◆ **Exercise**
Output, exactly as written, the lines below starting at the line containing "Another bright Exuma" and ending at the line containing "ピンクや黄色のバラがメインの、花々の絵柄のチケットホルダーです。". Drop the pictures and keep both end lines.

◆ **Data for the task**
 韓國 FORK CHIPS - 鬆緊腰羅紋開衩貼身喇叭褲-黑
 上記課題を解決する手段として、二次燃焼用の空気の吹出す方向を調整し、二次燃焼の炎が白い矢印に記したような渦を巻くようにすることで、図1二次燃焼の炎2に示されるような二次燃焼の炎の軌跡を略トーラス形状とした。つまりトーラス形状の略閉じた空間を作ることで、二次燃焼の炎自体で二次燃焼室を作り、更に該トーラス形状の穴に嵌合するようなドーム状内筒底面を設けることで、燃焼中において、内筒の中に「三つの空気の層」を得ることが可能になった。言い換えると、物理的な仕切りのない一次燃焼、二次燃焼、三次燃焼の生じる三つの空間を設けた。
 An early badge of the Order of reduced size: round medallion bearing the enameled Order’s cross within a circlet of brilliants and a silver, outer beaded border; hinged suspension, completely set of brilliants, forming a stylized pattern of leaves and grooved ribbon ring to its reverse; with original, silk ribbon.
* * *
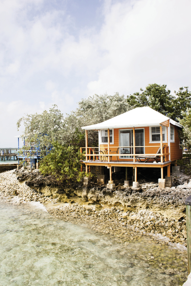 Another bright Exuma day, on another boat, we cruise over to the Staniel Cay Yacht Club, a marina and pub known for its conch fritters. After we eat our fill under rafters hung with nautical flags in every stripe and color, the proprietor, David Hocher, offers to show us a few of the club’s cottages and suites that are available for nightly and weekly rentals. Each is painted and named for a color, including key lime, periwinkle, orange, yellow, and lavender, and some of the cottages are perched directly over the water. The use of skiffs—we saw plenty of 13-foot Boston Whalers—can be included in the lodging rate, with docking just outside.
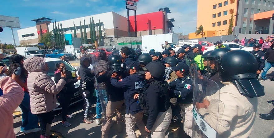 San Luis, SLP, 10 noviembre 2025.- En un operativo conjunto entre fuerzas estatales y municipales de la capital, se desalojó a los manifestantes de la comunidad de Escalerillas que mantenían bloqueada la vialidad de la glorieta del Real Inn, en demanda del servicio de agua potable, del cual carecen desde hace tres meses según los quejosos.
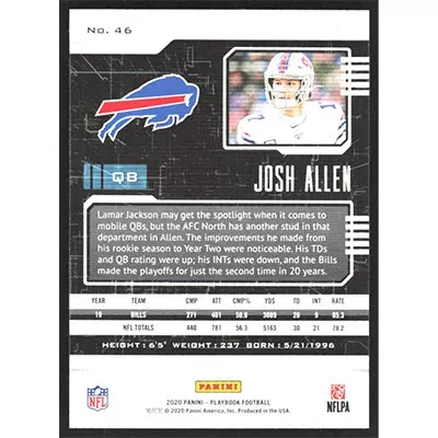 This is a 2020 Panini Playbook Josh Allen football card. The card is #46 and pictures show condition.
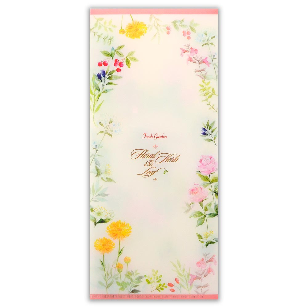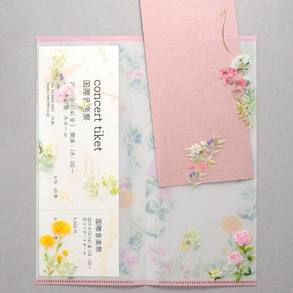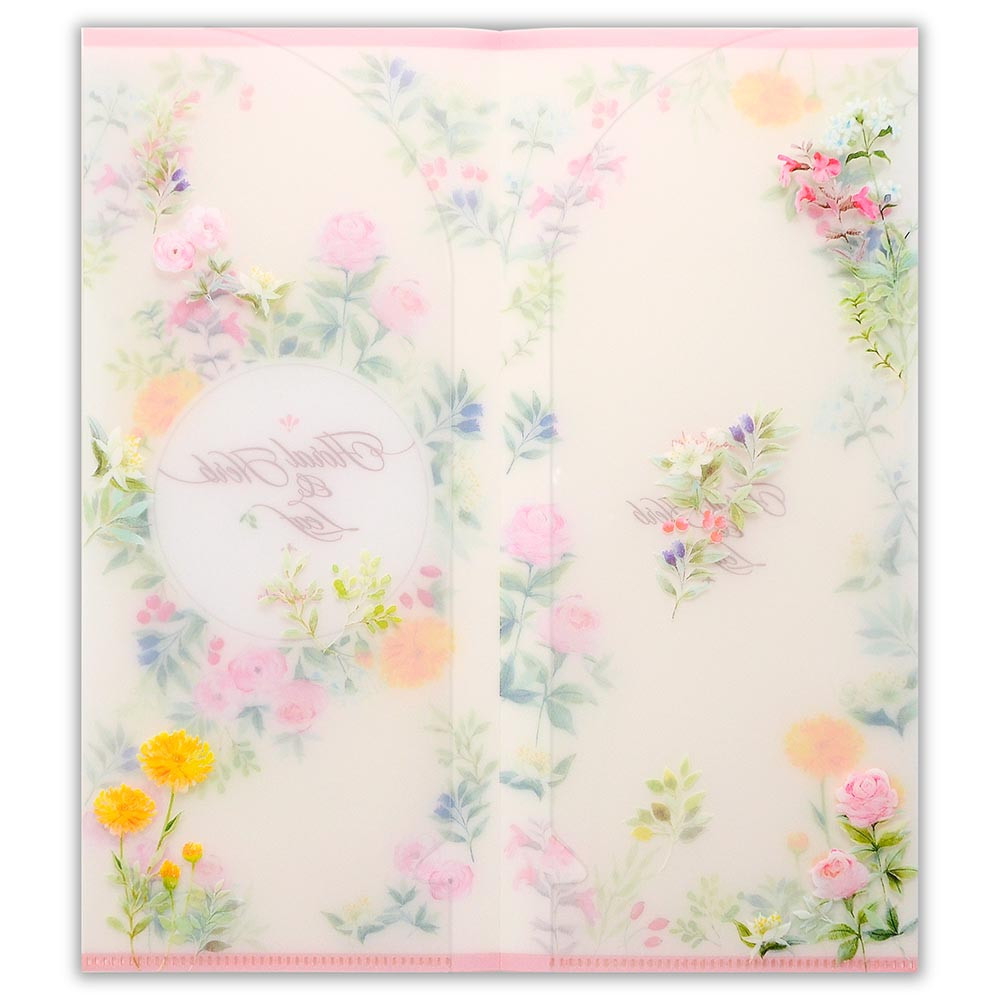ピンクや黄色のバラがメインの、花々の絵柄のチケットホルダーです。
--
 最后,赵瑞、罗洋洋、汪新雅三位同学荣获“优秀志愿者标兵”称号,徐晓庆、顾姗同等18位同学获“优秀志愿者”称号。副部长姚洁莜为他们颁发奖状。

◆ **Expected answer**
 Another bright Exuma day, on another boat, we cruise over to the Staniel Cay Yacht Club, a marina and pub known for its conch fritters. After we eat our fill under rafters hung with nautical flags in every stripe and color, the proprietor, David Hocher, offers to show us a few of the club’s cottages and suites that are available for nightly and weekly rentals. Each is painted and named for a color, including key lime, periwinkle, orange, yellow, and lavender, and some of the cottages are perched directly over the water. The use of skiffs—we saw plenty of 13-foot Boston Whalers—can be included in the lodging rate, with docking just outside.
 San Luis, SLP, 10 noviembre 2025.- En un operativo conjunto entre fuerzas estatales y municipales de la capital, se desalojó a los manifestantes de la comunidad de Escalerillas que mantenían bloqueada la vialidad de la glorieta del Real Inn, en demanda del servicio de agua potable, del cual carecen desde hace tres meses según los quejosos.
 This is a 2020 Panini Playbook Josh Allen football card. The card is #46 and pictures show condition.
ピンクや黄色のバラがメインの、花々の絵柄のチケットホルダーです。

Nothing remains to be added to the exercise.